Hi,
As part of the OpenDOAR project we've been looking at OA repositories' policies, and trying to harvest the details using the OAI-PMH 'Identify' verb. We did this for all the repositories listed in OpenDOAR (www.opendoar.org) that had an OAI Base URL. We had problems harvesting about 9% of repositories, for one reason or another. Two notable cases were ArXiv, which actively excludes requests from robots (unless they are on their white list), and Digital Commons repositories, where OAI-PMH requests are deliberately 'throttled' - taking ten times longer to respond than other sites. In both cases, this has been done to ensure that interactive end-user sessions are not degraded if robots attempt to crawl the entire repository (as they are wont to do).
It's also worth pointing out that only a third of OA repositories seem to have declared policies on re-use of metadata, full items, etc - or at least policies that are retrievable via OAI-PMH.
I gave a presentation on this exercise in a workshop at the recent CRIS 2006 conference in Bergen. Further details at
http://www.sherpa.ac.uk/documents/BergenPresentation20060512Handouts.ppt
Dr. Peter Millington
SHERPA Technical Development Officer
Information Services
George Green Library
University of Nottingham
University Park
Nottingham, NG7 2RD
England
Phone: +44 (0)115 84 68481
FAX: +44 (0)115 84 68244
-----Original Message-----
From: American Scientist Open Access Forum [mailto:AMERICAN-SCIENTIST-OPEN-ACCESS-FORUM_at_LISTSERVER.SIGMAXI.ORG] On Behalf Of David Goodman
Sent: 08 June 2006 20:08
To: AMERICAN-SCIENTIST-OPEN-ACCESS-FORUM_at_LISTSERVER.SIGMAXI.ORG
Subject: Re: RE : Harold Varmus: "Self-Archiving is Not Open Access"
I ask for information about the accessibility of documents maintained on individual faculty home pages, both to OAI-PMH and to such engines as google and scirus. (I do not refer to the policy of a crawler to examine or not examine a site, but to policies set by the site, to keep such crawlers out, presumably as an attempt to reduce the spam received by the faculty.)
I have sometimes found such sites inaccessible, though the document was present and could be found manually once that home page was located. I do not know whether this is frequent, or rare, as, I have not kept a tally, but this is the list to look for anyone who has been doing so.

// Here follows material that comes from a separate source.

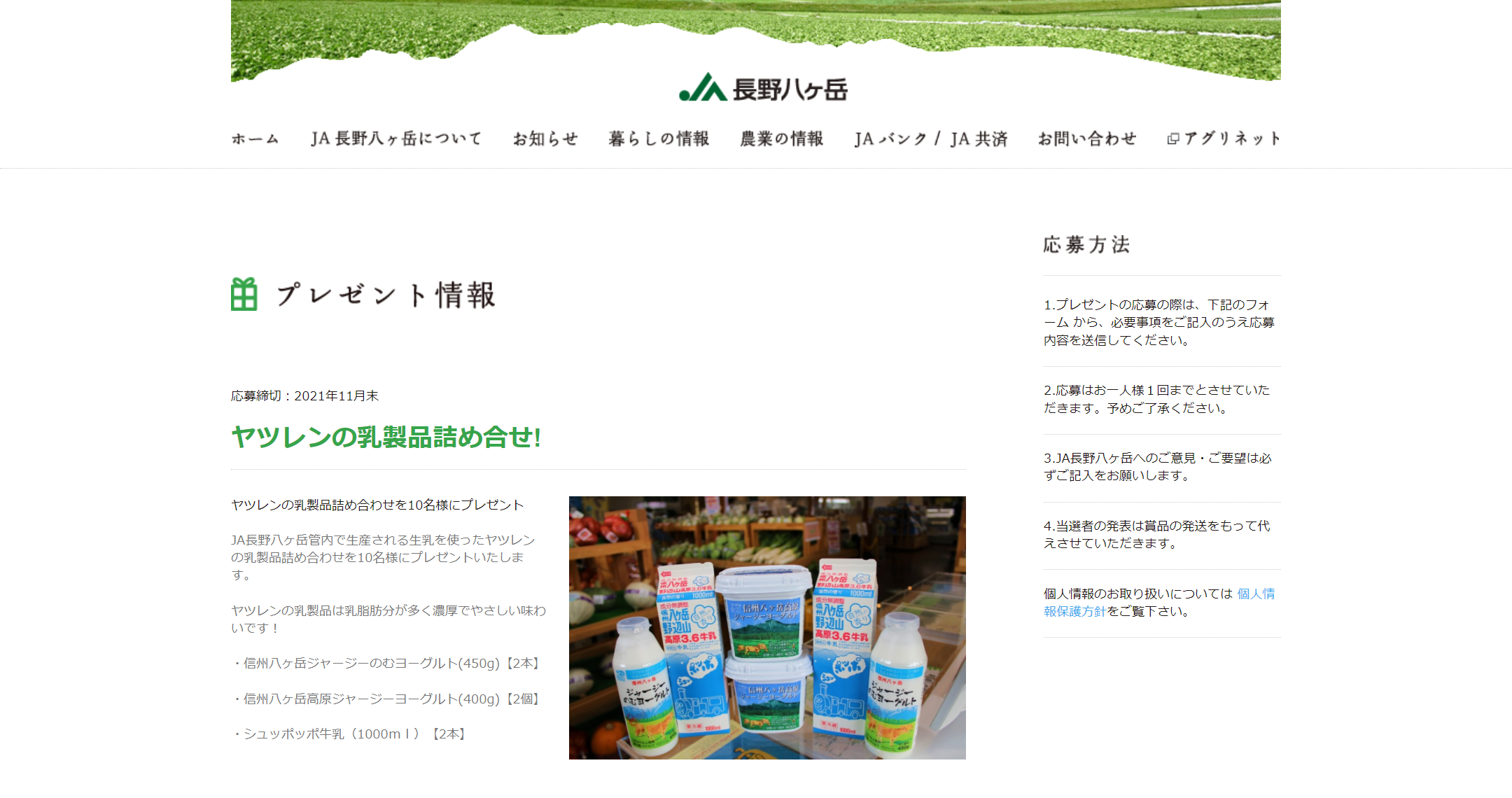 JA長野八ヶ岳管内で生産される生乳を使ったヤツレンの乳製品詰め合わせを10名様にプレゼントいたします。

Especially because some supposedly green OA journals restrict the author's posting to such an individual site, It would be good to know whether this is indeed
>a minor problem.
Dr. David Goodman
Palmer School of Library and Information Science Long Island University and formerly Princeton University Library
dgoodman_at_princeton.edu
----- Original Message -----
From: Guédon Jean-Claude <jean.claude.guedon_at_UMONTREAL.CA>
Date: Wednesday, June 7, 2006 9:35 pm
Subject: [AMERICAN-SCIENTIST-OPEN-ACCESS-FORUM] RE : Harold Varmus: "Self-Archiving is Not Open Access"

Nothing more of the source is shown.